(What the exercise asks): Omit the images. Restate all of the records word for word.

(Recorded data)
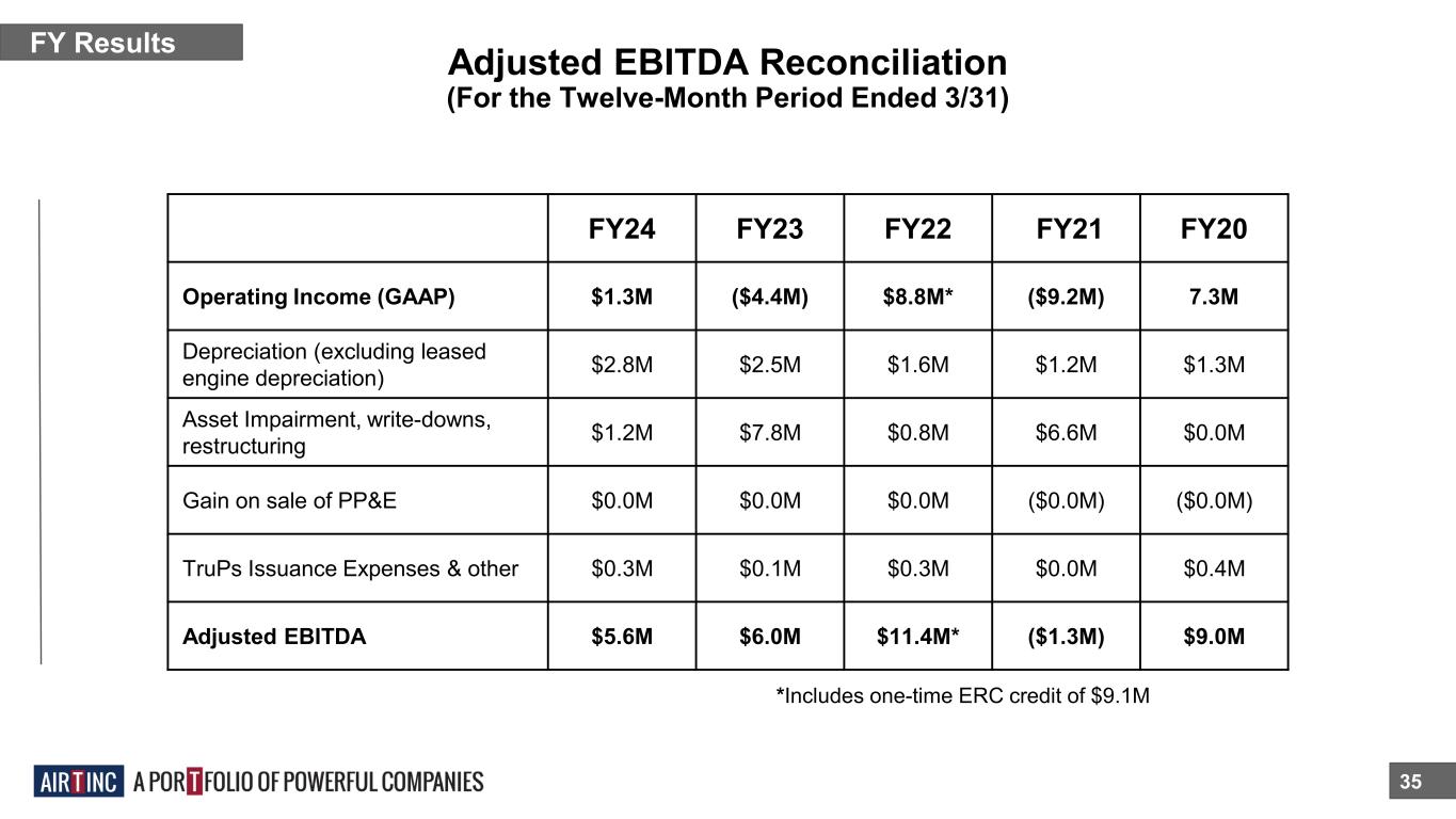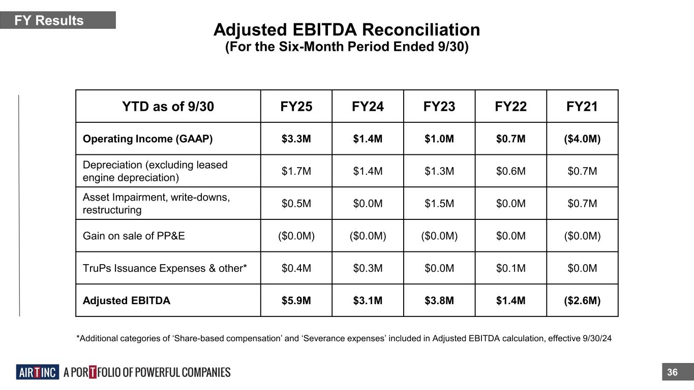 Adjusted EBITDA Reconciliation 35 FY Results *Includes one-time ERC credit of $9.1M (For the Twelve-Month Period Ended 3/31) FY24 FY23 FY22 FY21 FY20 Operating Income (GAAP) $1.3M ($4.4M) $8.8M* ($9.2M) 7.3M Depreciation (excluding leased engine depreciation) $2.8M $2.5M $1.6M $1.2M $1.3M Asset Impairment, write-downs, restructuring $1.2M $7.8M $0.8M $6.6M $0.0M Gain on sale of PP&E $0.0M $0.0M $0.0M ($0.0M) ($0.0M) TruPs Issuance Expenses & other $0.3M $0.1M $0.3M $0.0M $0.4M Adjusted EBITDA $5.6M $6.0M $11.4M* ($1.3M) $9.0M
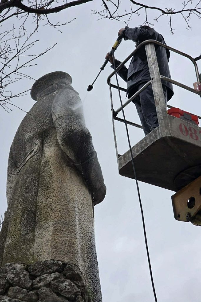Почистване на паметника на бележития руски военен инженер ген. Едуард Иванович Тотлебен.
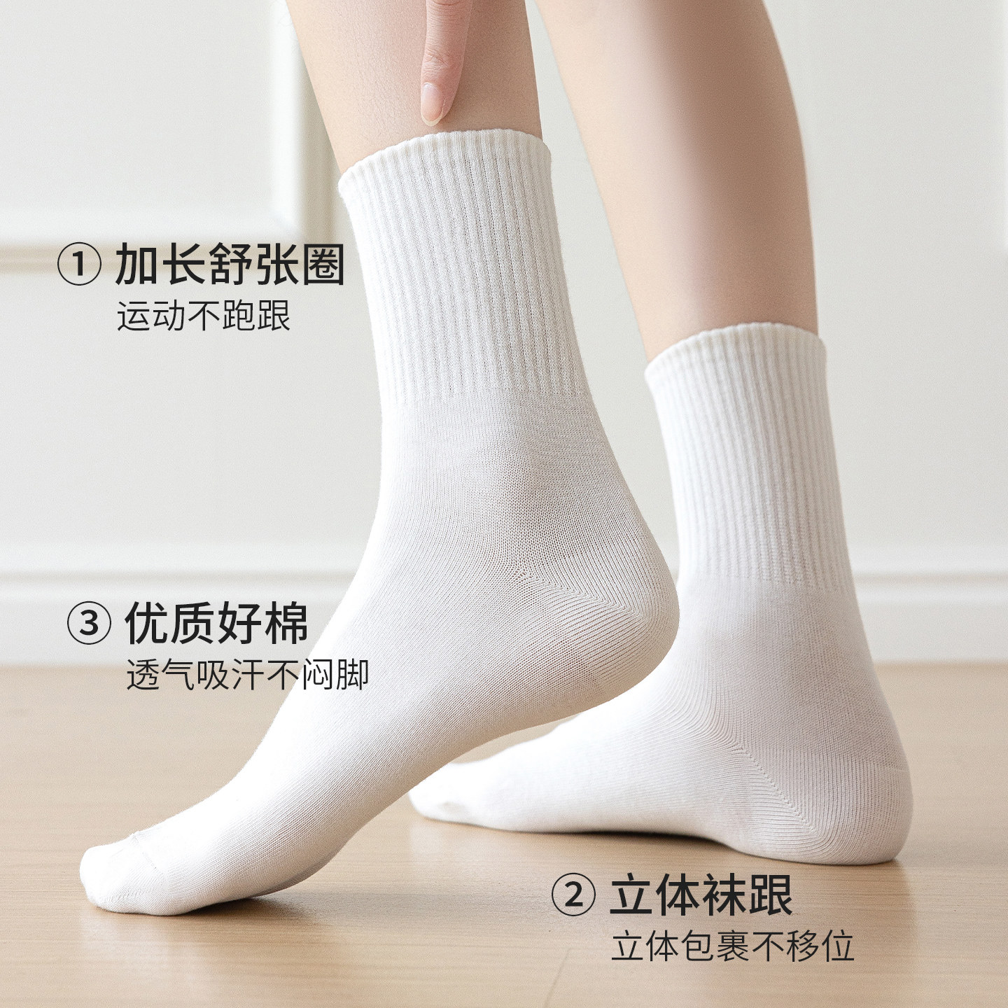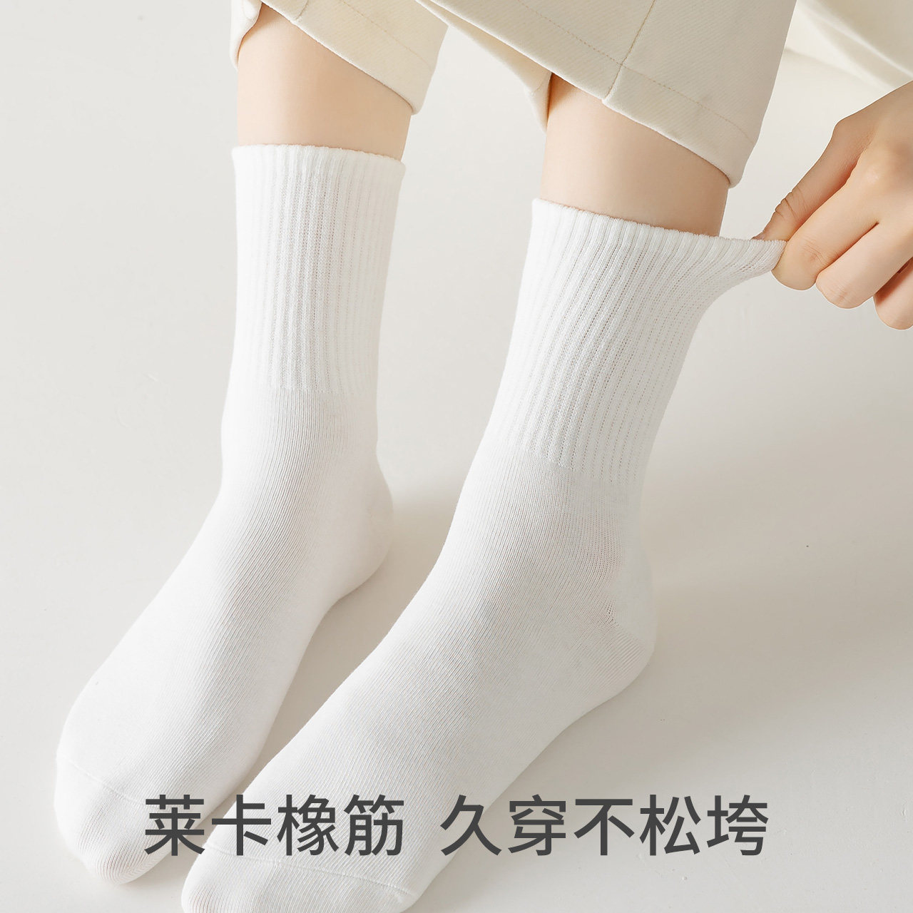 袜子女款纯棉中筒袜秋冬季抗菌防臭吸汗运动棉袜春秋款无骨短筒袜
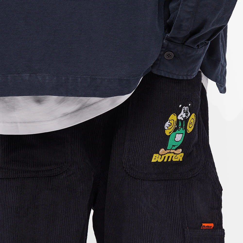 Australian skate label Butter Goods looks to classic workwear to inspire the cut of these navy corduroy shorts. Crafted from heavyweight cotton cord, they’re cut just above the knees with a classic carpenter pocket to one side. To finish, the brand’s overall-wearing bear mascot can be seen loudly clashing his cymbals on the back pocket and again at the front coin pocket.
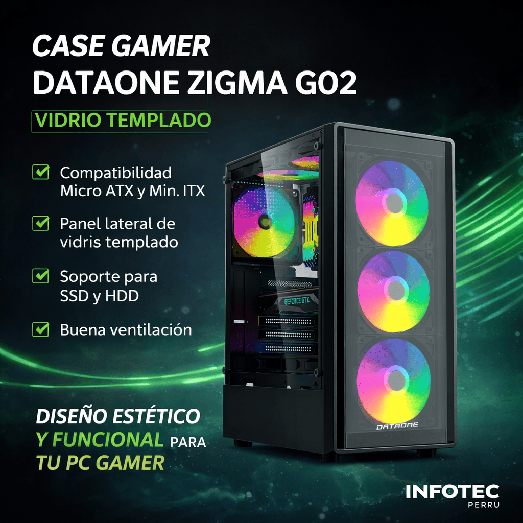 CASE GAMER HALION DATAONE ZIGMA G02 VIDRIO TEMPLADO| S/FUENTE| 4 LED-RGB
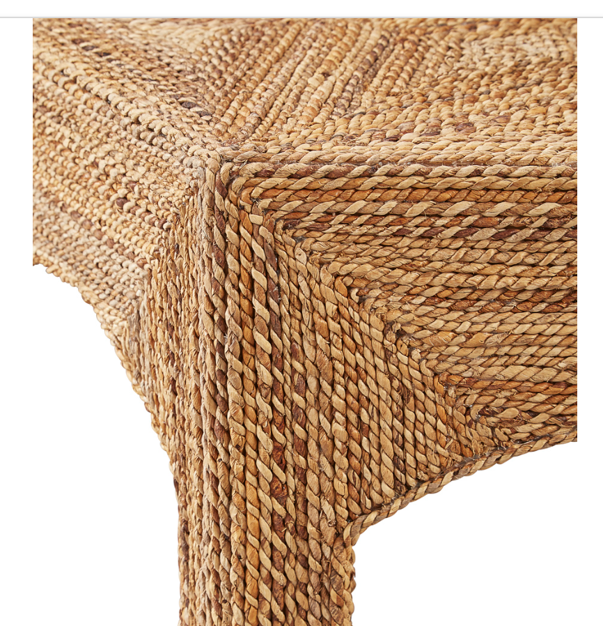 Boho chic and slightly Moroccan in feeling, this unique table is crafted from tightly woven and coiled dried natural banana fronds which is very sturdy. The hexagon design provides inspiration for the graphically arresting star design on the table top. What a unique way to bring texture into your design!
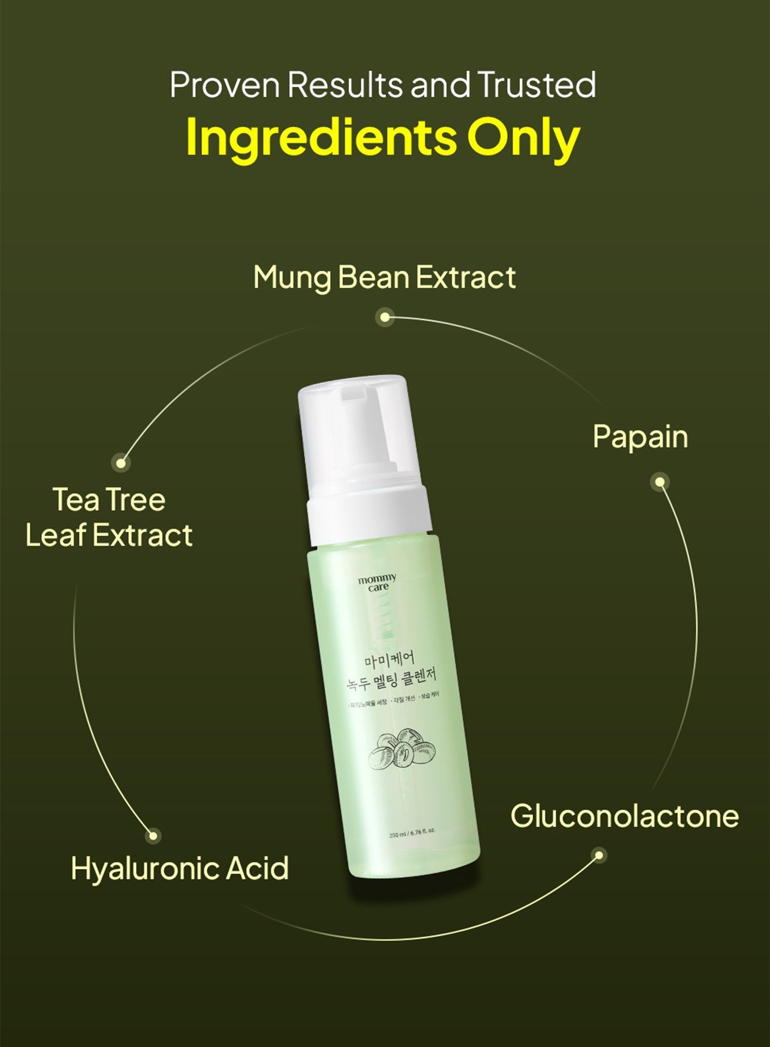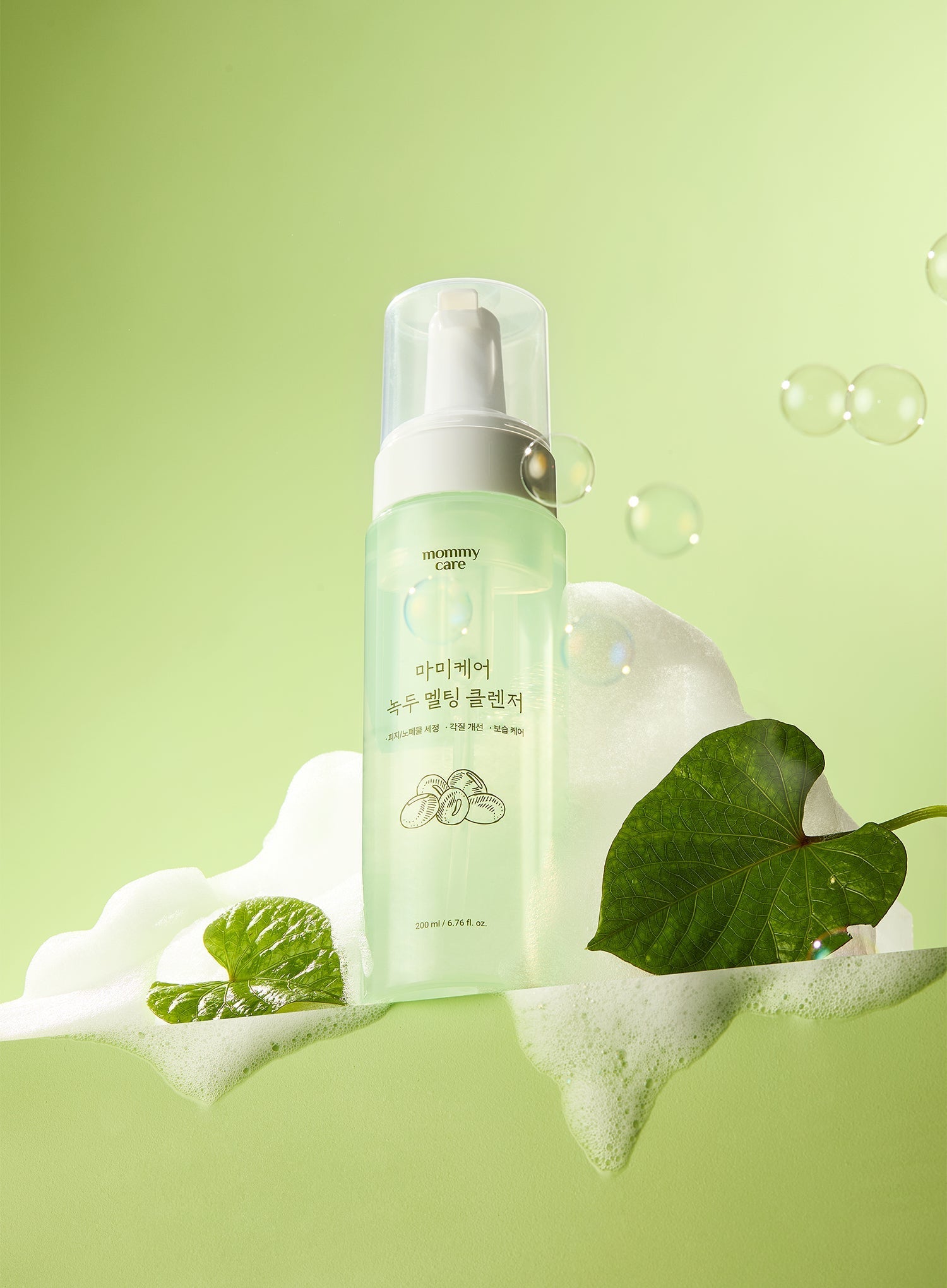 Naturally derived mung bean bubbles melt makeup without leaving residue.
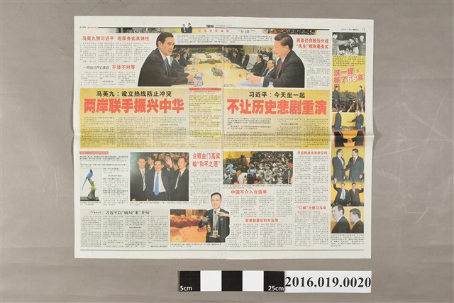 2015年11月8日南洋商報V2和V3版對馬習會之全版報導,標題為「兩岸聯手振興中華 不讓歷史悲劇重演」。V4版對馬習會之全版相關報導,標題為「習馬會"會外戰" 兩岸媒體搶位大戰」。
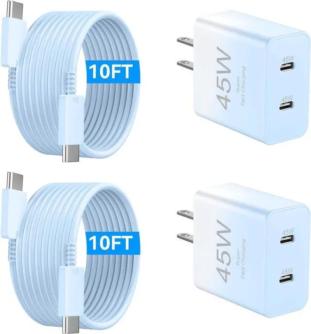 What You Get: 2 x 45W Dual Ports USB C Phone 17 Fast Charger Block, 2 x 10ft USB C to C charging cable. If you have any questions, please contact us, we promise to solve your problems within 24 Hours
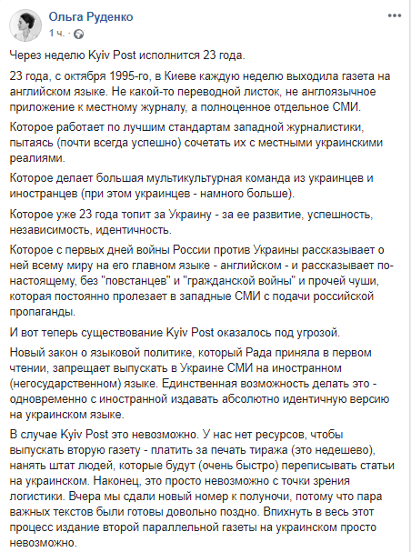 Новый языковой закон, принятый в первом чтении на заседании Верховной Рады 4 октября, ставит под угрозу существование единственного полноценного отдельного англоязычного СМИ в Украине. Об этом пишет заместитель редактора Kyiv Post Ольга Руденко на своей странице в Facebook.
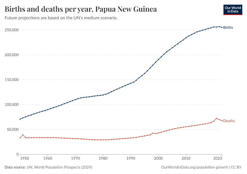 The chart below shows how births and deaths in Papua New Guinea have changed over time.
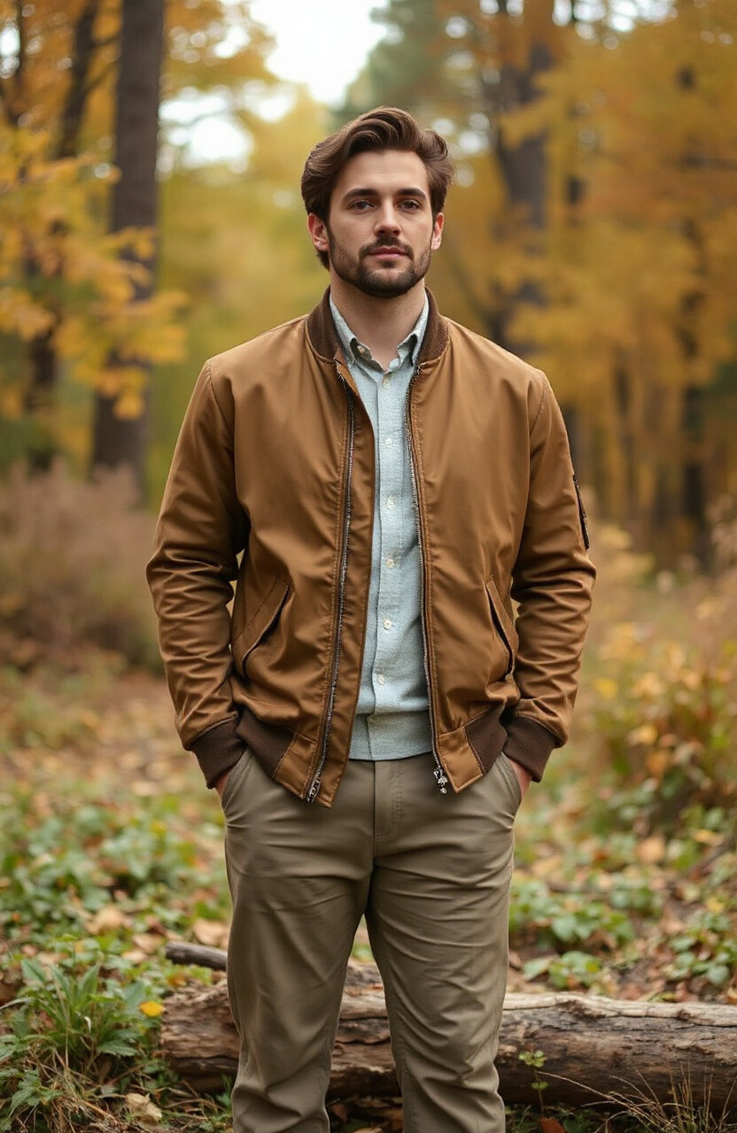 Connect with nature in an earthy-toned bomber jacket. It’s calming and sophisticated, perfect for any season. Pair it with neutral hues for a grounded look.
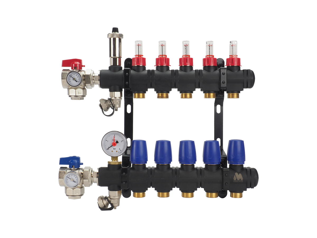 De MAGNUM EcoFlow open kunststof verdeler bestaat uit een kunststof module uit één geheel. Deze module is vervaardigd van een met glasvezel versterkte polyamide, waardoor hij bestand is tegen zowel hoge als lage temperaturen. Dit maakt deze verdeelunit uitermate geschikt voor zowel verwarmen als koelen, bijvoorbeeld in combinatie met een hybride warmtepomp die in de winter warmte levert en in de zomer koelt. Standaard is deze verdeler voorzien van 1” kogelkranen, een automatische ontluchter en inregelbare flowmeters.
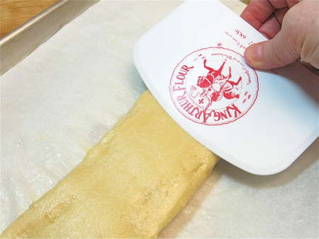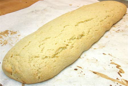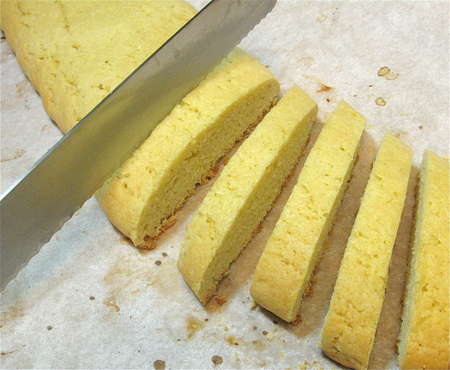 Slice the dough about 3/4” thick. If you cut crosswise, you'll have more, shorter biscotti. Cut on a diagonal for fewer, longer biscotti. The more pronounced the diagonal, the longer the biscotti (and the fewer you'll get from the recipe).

(Exercise result):
 Adjusted EBITDA Reconciliation 35 FY Results *Includes one-time ERC credit of $9.1M (For the Twelve-Month Period Ended 3/31) FY24 FY23 FY22 FY21 FY20 Operating Income (GAAP) $1.3M ($4.4M) $8.8M* ($9.2M) 7.3M Depreciation (excluding leased engine depreciation) $2.8M $2.5M $1.6M $1.2M $1.3M Asset Impairment, write-downs, restructuring $1.2M $7.8M $0.8M $6.6M $0.0M Gain on sale of PP&E $0.0M $0.0M $0.0M ($0.0M) ($0.0M) TruPs Issuance Expenses & other $0.3M $0.1M $0.3M $0.0M $0.4M Adjusted EBITDA $5.6M $6.0M $11.4M* ($1.3M) $9.0M
Почистване на паметника на бележития руски военен инженер ген. Едуард Иванович Тотлебен.
 袜子女款纯棉中筒袜秋冬季抗菌防臭吸汗运动棉袜春秋款无骨短筒袜
 Australian skate label Butter Goods looks to classic workwear to inspire the cut of these navy corduroy shorts. Crafted from heavyweight cotton cord, they’re cut just above the knees with a classic carpenter pocket to one side. To finish, the brand’s overall-wearing bear mascot can be seen loudly clashing his cymbals on the back pocket and again at the front coin pocket.
 CASE GAMER HALION DATAONE ZIGMA G02 VIDRIO TEMPLADO| S/FUENTE| 4 LED-RGB
 Boho chic and slightly Moroccan in feeling, this unique table is crafted from tightly woven and coiled dried natural banana fronds which is very sturdy. The hexagon design provides inspiration for the graphically arresting star design on the table top. What a unique way to bring texture into your design!
 Naturally derived mung bean bubbles melt makeup without leaving residue.
 2015年11月8日南洋商報V2和V3版對馬習會之全版報導,標題為「兩岸聯手振興中華 不讓歷史悲劇重演」。V4版對馬習會之全版相關報導,標題為「習馬會"會外戰" 兩岸媒體搶位大戰」。
 What You Get: 2 x 45W Dual Ports USB C Phone 17 Fast Charger Block, 2 x 10ft USB C to C charging cable. If you have any questions, please contact us, we promise to solve your problems within 24 Hours
 Новый языковой закон, принятый в первом чтении на заседании Верховной Рады 4 октября, ставит под угрозу существование единственного полноценного отдельного англоязычного СМИ в Украине. Об этом пишет заместитель редактора Kyiv Post Ольга Руденко на своей странице в Facebook.
 The chart below shows how births and deaths in Papua New Guinea have changed over time.
 Connect with nature in an earthy-toned bomber jacket. It’s calming and sophisticated, perfect for any season. Pair it with neutral hues for a grounded look.
 De MAGNUM EcoFlow open kunststof verdeler bestaat uit een kunststof module uit één geheel. Deze module is vervaardigd van een met glasvezel versterkte polyamide, waardoor hij bestand is tegen zowel hoge als lage temperaturen. Dit maakt deze verdeelunit uitermate geschikt voor zowel verwarmen als koelen, bijvoorbeeld in combinatie met een hybride warmtepomp die in de winter warmte levert en in de zomer koelt. Standaard is deze verdeler voorzien van 1” kogelkranen, een automatische ontluchter en inregelbare flowmeters.
 Slice the dough about 3/4” thick. If you cut crosswise, you'll have more, shorter biscotti. Cut on a diagonal for fewer, longer biscotti. The more pronounced the diagonal, the longer the biscotti (and the fewer you'll get from the recipe).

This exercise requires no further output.